Imagine the following problem:

We have 4 possible treatments for some disease. In order to check which treatment is better, we perform a special trial. In the trial, we start by having no subjects, then, one by one, more subjects are entered into the trial. Each patient is randomly allocated to one of the 4 possible treatments. The end result of a treatment is either "healthy" or "still sick", and let us say we can know this result instantly. This means that at any given point, we can create a two by four contingency table, saying how many of our subjects fell into which treatment/end-result.

At any point we can check the contingency table (for example, using a chi square test), to see if there is a statistically different treatment between the 4 possible treatments. If one of them is better then all the rest - we stop the trial and choose it as the "winner". If some trial is shown to be worse then all the other three, we will drop him from the trial and stop giving it to future patients.

However, the problem here is how do I adjust the p-value for the fact that the test can be performed at any given point, that there is correlation between the tests, and also that the adaptive nature of the process manipulates the process (for example, if some treatment is found to be "bad")?

Wald came up with his sequential probability ratio test (SPRT) to create a stopping rule, the number of subjects that you need to have evidence against the null. See my explanation here: http://stats.stackexchange.com/a/16120/401 This only tests a single hypothesis, though. But, when you propose a chi-squared test, that is only a single hypothesis (all treatments are equally effective). It seems that you could adjust the "primary" p-value in my post for multiple testing and do several tests. I would have to think more about how to incorporate the changing of the set of treatments. — Charlie, Feb 01 '12 at 15:54
I just want to note that there is a variation called "Group Sequential Analysis" dealing with more than one parameter.The book _Clinical Statistics: Introducing Clinical Trials, Survival Analysis, and Longitudinal Data Analysis_ could help according to various sources, but I have never read it personally. — mlwida, Feb 02 '12 at 08:56
I cannot emphasize how interesting this question is. Solving it will also answer a lot of questions regarding ab-tests (same task, but the error costs are ridiculously lower) — mlwida, Feb 02 '12 at 08:59
The book *Group Sequential Methods with Applications to Clinical Trials* by Jennison and Turnbull covers many such sequential trial designs. I don’t remember if the four-treatment design is covered (but I guess this is just a logistic regression model with three dummy variables), but it’s a nice book, and very well worth reading if you’re interested in problems like this. (And @steffen, the A/B-test (i.e., simple binomial problem) *is* covered in the book.) — Karl Ove Hufthammer, Apr 17 '15 at 20:16

score 2 · Answer 1 · answered Jul 13 '15 at 20:57

This area of sequential clinical trials has been explored substantially in the literature. Some of the notable researchers are Scott Emerson, Tom Flemming, David DeMets, Stephen Senn, and Stuart Pocock among others.

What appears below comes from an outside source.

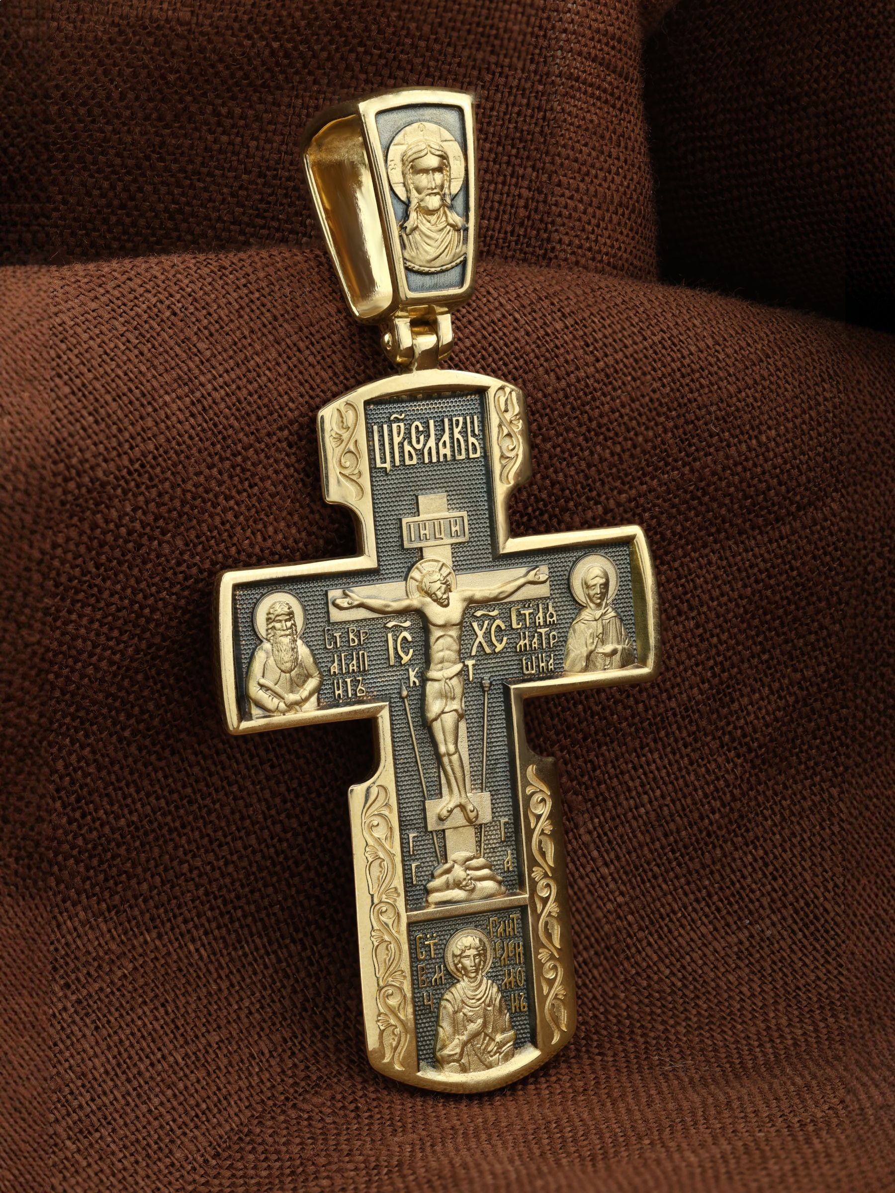 На лицевой стороне креста изображено Распятие Иисуса Христа на Голгофском Кресте. Над титлом видим слова «ЦРЬ СЛВЫ» — Царь Славы. Верхняя перекладина символизирует собой табличку с надписью «IHЦI» — Иисус Назарянин Царь Иудейский. Над перекладиной пишется сокращенно имя Спасителя «IC XC» — Иисус Христос, ниже перекладины добавляется: «НИКА» (греч. — Победитель). Возвышение, на котором стоит Крест, символизирует гору Голгофу, на которой произошло Распятие. У подножия Креста изображают прах Адама, обозначенный черепом.. Справа от Распятия помещен образ прославленной святой блаженной Матроны. «Матронушка», — ласково называют эту святую православные за удивительную любовь и помощь, которую она подает всем нуждающимся в ее поддержке. Слева — икона прп. Агапита. Этот святой жил в пещерах Киево-Печерского монастыря в XI веке и бескорыстно врачевал мирян и монахов.

It's possible to specify an "alpha-spending-rule". The term has its origins in the nature of frequentist (non-Fisherian) testing where, each action that increases the risk of a false positive finding should necessarily reduce power to keep the test of the correct size. However, the majority of such tests require that "stopping rules" are prespecified based on the information bounds of the study. (as a reminder, more information means greater power when the null is false).

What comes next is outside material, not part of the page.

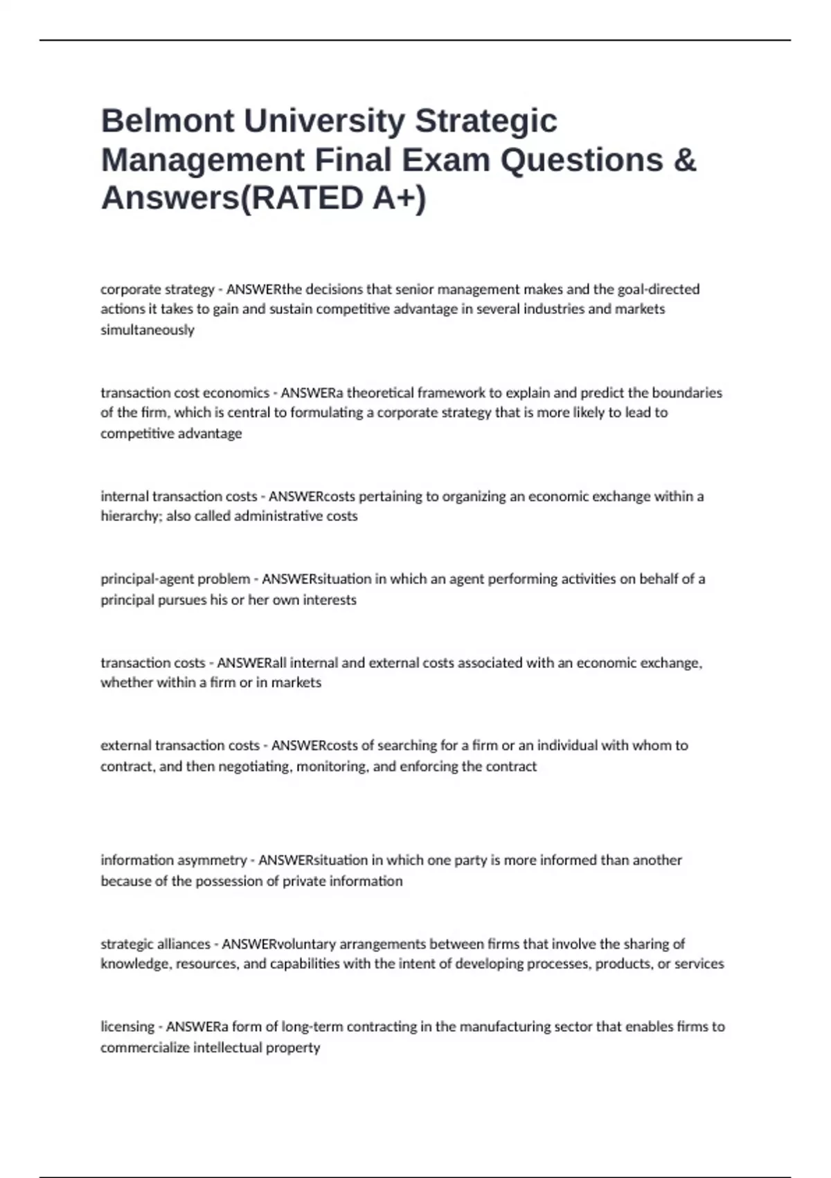 Belmont University Strategic Management Final Exam Questions & Answers(RATED A+)

It sounds like what you are interested is a continuous monitoring process in which each event-time warrants a "look" into the data. To the best of my knowledge, such a test has no power. It can be done with Bayesian analysis where the posterior is continuously updated as a function of time, and Bayes Factors are used to summarize evidence rather than $p$-values.

See

[1] www.rctdesign.org/

+1. I posted another answer where I use a simulation to compute the the type II error rate of the suggested procedure. This allows to choose a nominal alpha such that the test has correct size. I wonder what you think about it. — amoeba, Jul 14 '15 at 20:08

amoeba · Answer 2 · 2015-07-16T23:27:59.350

This sounds like a simulation is in order.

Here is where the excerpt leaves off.